== DATA FOR THE TASK

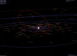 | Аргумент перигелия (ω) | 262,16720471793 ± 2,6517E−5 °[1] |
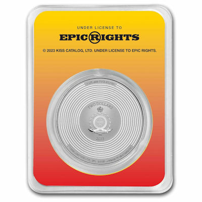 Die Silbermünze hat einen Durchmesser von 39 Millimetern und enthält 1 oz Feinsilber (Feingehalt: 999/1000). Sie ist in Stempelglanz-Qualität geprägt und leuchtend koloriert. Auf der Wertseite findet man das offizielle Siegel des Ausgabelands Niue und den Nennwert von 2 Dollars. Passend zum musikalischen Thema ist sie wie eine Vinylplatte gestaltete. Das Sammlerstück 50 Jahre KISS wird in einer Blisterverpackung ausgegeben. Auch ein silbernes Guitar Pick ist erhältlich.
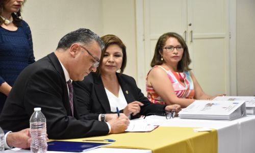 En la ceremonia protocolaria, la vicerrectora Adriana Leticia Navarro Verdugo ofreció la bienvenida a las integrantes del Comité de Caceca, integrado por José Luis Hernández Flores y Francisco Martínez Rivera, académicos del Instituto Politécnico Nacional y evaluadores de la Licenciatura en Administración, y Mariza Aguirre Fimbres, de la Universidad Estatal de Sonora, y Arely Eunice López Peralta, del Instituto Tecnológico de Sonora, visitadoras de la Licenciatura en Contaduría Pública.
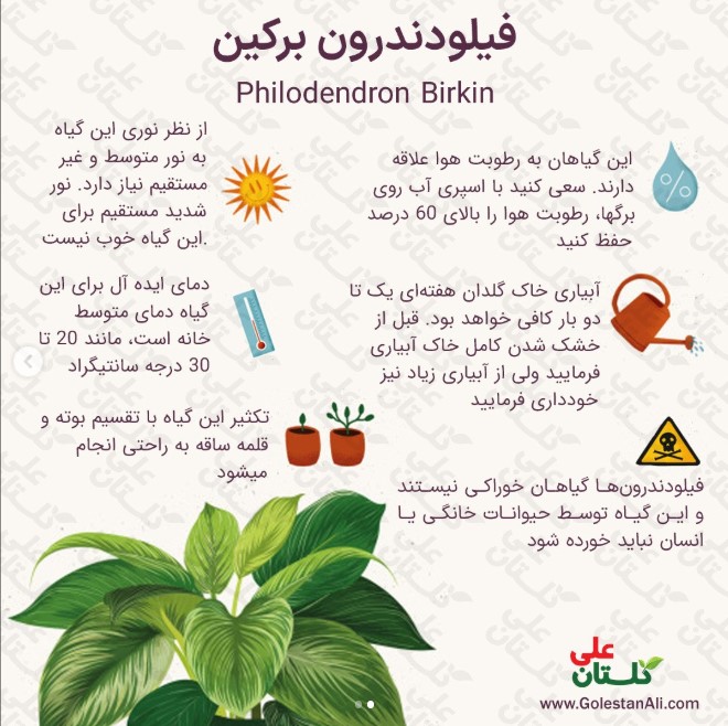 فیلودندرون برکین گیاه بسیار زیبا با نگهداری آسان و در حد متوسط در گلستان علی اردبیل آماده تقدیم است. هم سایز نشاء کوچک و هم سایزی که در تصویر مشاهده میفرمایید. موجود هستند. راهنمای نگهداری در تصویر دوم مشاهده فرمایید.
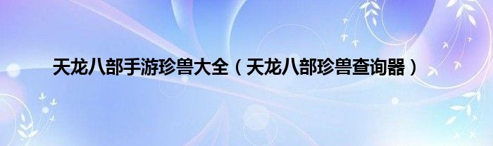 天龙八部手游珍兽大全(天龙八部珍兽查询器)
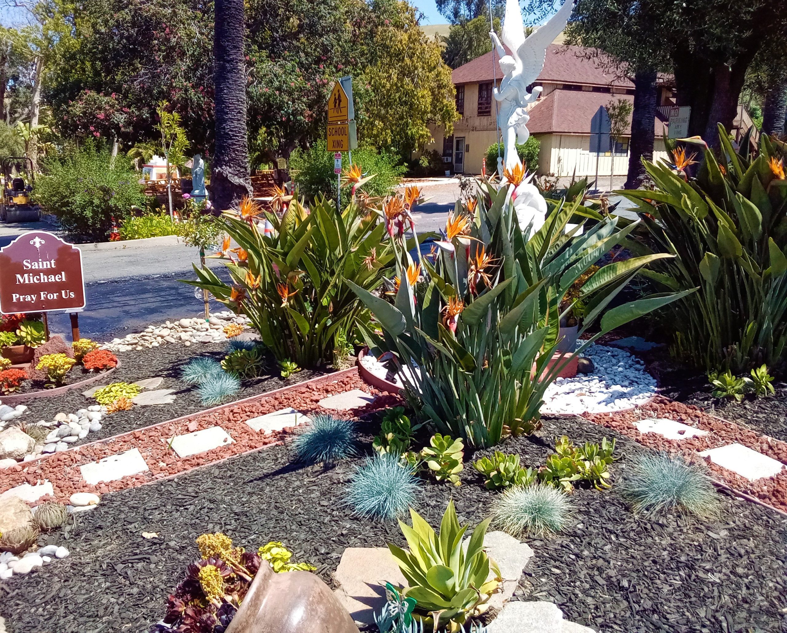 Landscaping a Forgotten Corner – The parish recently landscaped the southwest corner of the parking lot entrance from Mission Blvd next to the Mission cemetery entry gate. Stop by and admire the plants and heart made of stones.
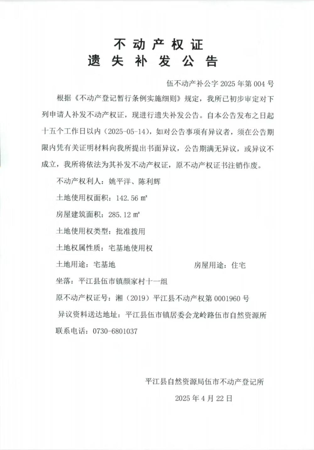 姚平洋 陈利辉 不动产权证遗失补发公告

====

**WHAT YOU SHOULD DO**
Above are the records; return the lines in them from the one with "En la ceremonia" to the one with "فیلودندرون برکین گیاه", inclusive, exactly and without images.

**SOLVED PROBLEM**
 En la ceremonia protocolaria, la vicerrectora Adriana Leticia Navarro Verdugo ofreció la bienvenida a las integrantes del Comité de Caceca, integrado por José Luis Hernández Flores y Francisco Martínez Rivera, académicos del Instituto Politécnico Nacional y evaluadores de la Licenciatura en Administración, y Mariza Aguirre Fimbres, de la Universidad Estatal de Sonora, y Arely Eunice López Peralta, del Instituto Tecnológico de Sonora, visitadoras de la Licenciatura en Contaduría Pública.
 فیلودندرون برکین گیاه بسیار زیبا با نگهداری آسان و در حد متوسط در گلستان علی اردبیل آماده تقدیم است. هم سایز نشاء کوچک و هم سایزی که در تصویر مشاهده میفرمایید. موجود هستند. راهنمای نگهداری در تصویر دوم مشاهده فرمایید.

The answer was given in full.